__INFORMATION GIVEN__
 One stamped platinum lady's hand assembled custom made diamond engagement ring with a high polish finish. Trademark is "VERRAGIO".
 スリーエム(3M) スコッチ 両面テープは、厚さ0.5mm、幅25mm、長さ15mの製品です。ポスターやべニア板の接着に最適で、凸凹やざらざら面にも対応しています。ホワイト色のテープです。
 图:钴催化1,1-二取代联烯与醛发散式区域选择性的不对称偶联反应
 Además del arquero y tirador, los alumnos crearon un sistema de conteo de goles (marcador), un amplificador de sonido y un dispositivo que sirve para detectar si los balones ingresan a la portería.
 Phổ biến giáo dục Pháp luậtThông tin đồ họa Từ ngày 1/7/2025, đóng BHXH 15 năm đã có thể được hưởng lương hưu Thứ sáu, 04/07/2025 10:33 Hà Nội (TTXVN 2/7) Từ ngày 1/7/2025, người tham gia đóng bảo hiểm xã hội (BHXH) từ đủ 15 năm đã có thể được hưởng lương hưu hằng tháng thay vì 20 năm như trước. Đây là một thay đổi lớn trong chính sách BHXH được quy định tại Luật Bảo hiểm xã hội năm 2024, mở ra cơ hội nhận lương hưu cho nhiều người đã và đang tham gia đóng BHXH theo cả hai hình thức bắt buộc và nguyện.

...

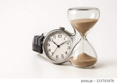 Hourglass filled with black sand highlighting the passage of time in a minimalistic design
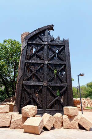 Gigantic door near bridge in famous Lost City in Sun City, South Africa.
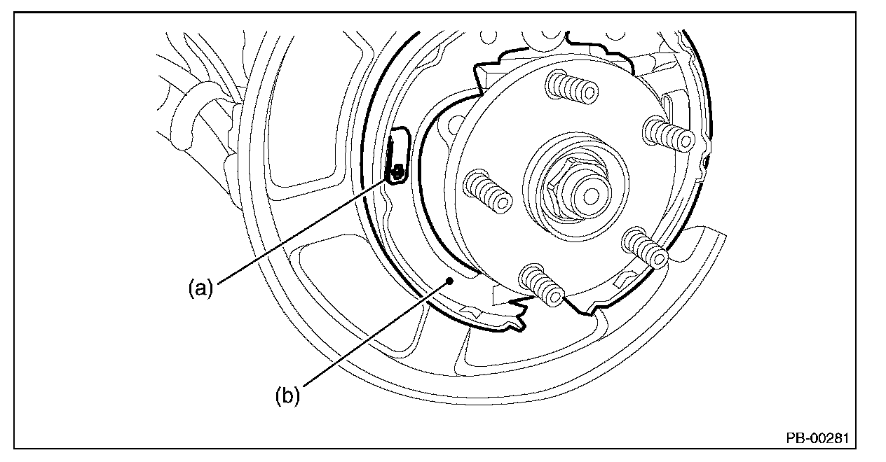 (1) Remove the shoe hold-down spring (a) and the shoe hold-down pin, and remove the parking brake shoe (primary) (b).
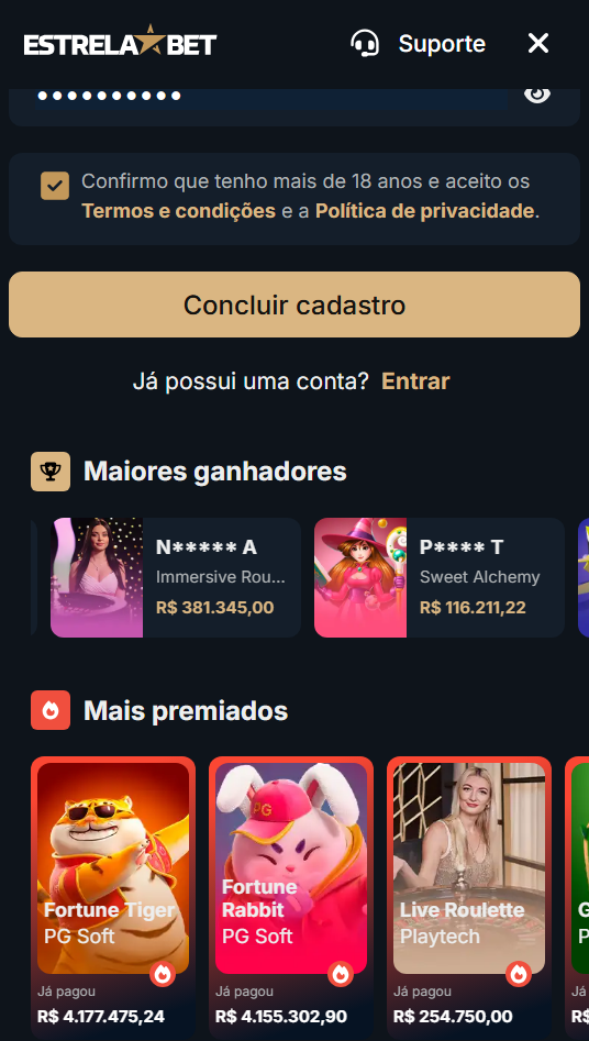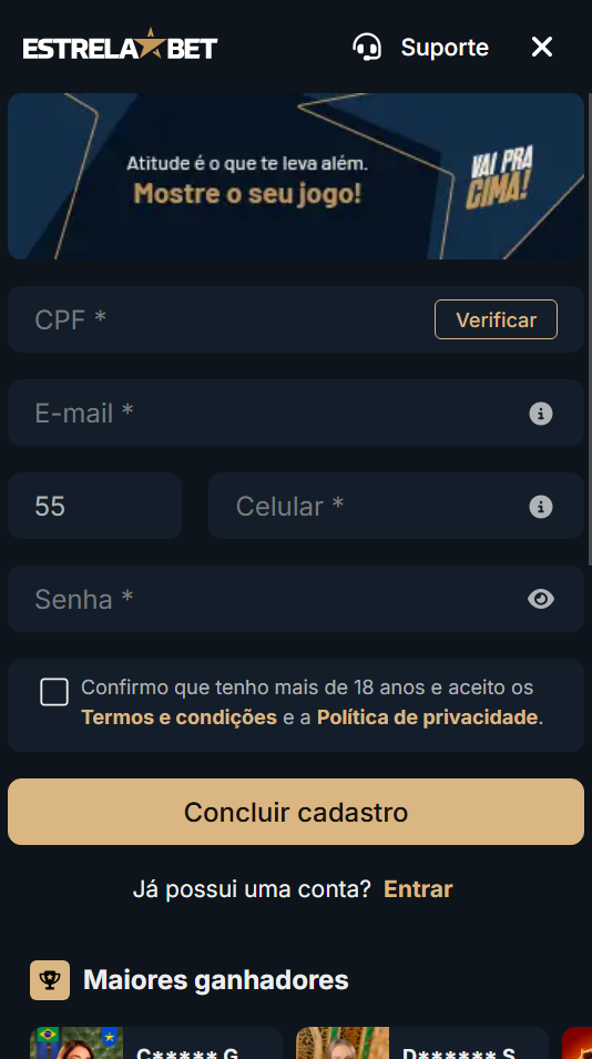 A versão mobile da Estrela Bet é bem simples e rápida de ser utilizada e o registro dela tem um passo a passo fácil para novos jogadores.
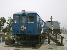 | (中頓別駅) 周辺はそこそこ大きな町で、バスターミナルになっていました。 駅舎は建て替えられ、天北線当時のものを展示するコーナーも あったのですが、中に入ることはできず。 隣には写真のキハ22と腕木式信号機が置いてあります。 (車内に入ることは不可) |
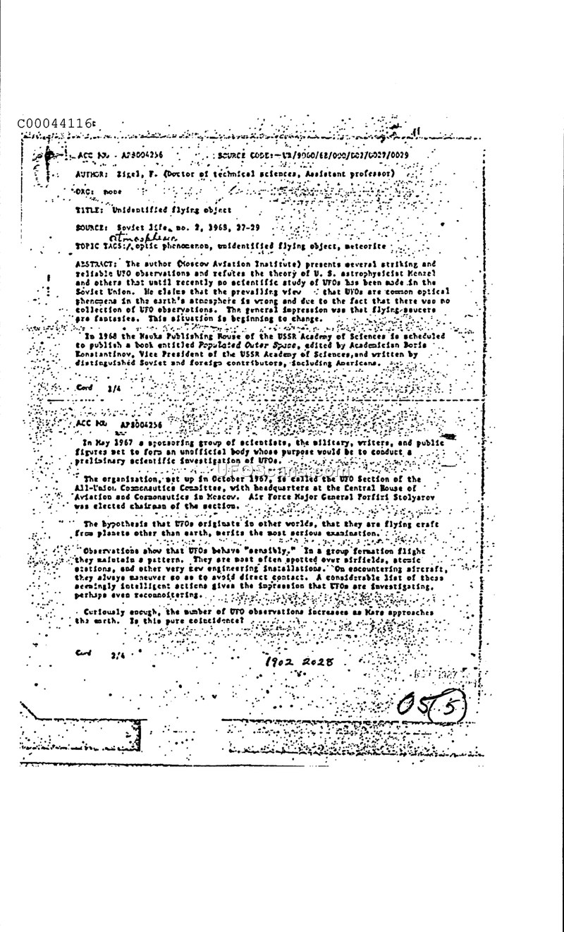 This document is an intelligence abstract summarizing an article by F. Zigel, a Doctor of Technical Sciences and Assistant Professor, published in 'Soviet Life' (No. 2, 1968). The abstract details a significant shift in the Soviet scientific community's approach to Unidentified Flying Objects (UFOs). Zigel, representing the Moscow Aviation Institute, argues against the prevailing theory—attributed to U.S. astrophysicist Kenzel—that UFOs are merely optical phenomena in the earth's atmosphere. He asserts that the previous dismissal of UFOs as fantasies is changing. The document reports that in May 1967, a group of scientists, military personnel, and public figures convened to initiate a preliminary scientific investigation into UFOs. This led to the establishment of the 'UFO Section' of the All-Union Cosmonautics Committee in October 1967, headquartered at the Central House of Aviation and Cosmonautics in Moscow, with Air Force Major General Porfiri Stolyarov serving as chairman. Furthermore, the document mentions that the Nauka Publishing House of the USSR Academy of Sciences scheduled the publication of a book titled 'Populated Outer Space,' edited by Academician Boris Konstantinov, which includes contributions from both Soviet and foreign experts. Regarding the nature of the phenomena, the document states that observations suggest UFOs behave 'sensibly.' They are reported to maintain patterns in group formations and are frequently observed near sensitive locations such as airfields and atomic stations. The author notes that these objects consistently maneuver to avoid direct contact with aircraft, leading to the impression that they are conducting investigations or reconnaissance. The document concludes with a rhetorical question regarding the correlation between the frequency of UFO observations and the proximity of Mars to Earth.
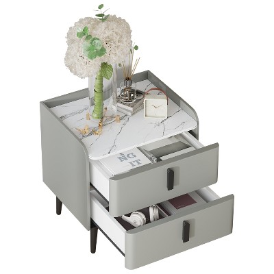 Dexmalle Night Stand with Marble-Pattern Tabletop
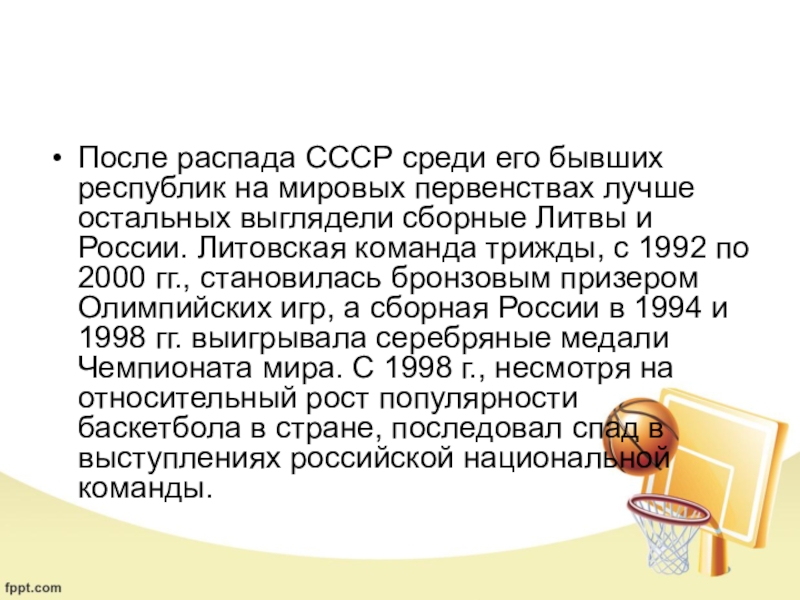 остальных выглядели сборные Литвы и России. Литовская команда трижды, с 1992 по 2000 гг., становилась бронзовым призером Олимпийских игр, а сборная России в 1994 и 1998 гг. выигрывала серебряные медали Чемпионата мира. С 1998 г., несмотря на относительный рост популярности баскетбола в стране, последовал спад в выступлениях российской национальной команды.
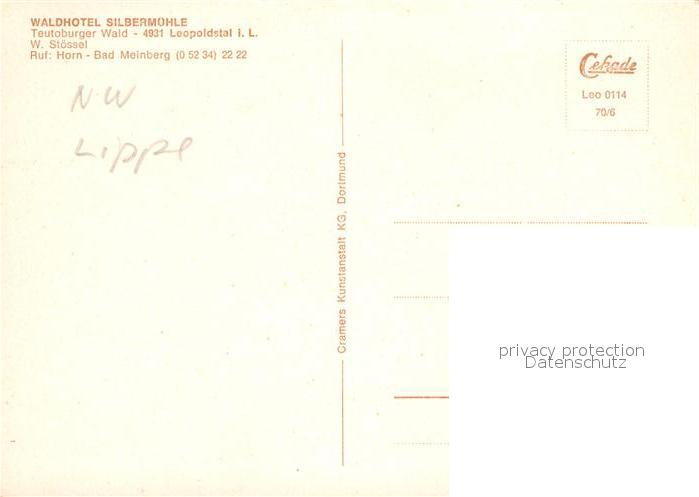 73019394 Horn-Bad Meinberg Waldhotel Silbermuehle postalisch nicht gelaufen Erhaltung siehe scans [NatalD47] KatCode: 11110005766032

---

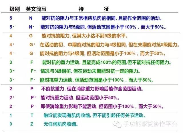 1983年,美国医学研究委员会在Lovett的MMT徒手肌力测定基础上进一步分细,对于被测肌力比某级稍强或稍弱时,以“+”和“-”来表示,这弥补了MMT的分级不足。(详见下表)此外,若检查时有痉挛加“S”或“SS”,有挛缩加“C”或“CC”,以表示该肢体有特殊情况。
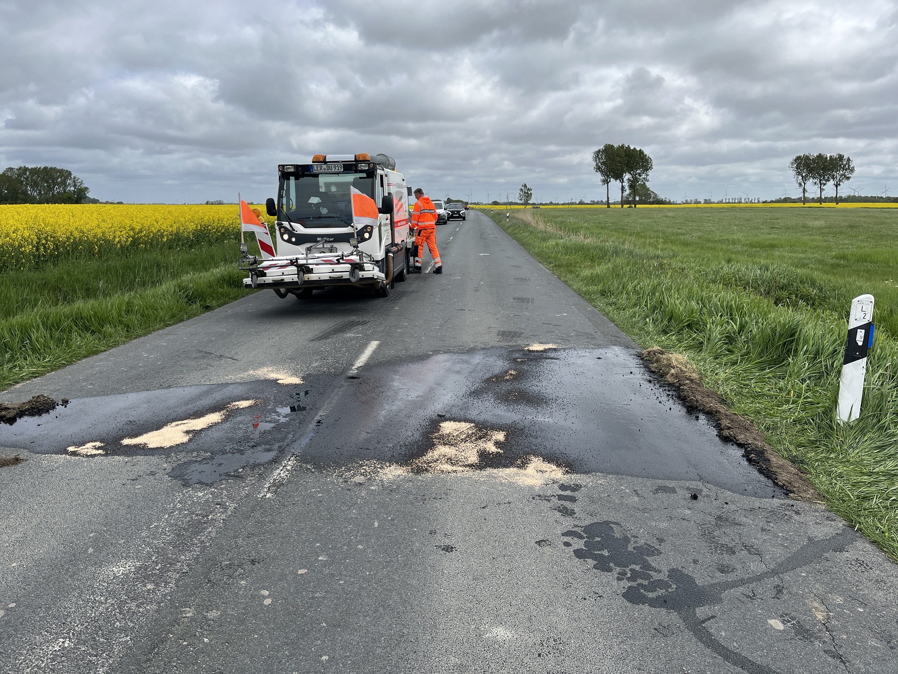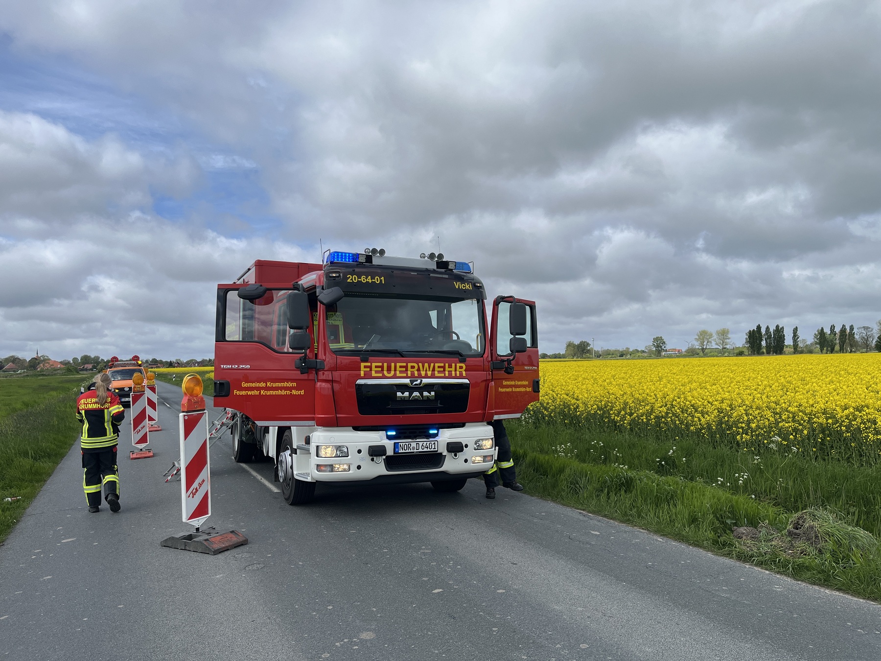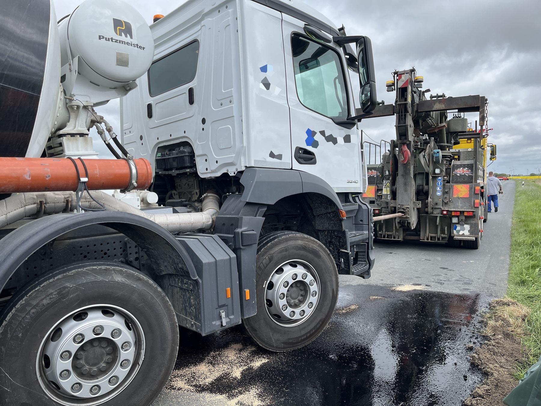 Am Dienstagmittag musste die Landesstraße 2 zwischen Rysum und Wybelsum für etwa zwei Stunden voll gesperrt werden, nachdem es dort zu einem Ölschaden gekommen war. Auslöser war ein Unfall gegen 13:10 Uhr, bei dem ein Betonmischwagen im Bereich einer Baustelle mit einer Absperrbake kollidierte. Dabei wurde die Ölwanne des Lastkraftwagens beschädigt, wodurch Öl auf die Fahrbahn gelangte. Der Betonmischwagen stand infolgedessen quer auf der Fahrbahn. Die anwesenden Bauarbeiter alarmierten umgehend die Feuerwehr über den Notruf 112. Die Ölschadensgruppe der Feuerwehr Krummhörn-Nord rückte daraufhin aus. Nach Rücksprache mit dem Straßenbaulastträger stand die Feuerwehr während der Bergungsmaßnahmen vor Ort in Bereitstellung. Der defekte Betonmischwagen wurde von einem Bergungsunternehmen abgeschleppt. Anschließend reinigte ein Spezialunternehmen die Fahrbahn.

__TASK TO COMPLETE__
Out of the records above, set down only the lines from the one that contains "Hourglass filled with" through the one that contains "隣には写真のキハ22と腕木式信号機が置いてあります。 (車内に入ることは不可) |", unchanged and without the pictures.

__ANSWER__
 Hourglass filled with black sand highlighting the passage of time in a minimalistic design
 Gigantic door near bridge in famous Lost City in Sun City, South Africa.
 (1) Remove the shoe hold-down spring (a) and the shoe hold-down pin, and remove the parking brake shoe (primary) (b).
 A versão mobile da Estrela Bet é bem simples e rápida de ser utilizada e o registro dela tem um passo a passo fácil para novos jogadores.
 | (中頓別駅) 周辺はそこそこ大きな町で、バスターミナルになっていました。 駅舎は建て替えられ、天北線当時のものを展示するコーナーも あったのですが、中に入ることはできず。 隣には写真のキハ22と腕木式信号機が置いてあります。 (車内に入ることは不可) |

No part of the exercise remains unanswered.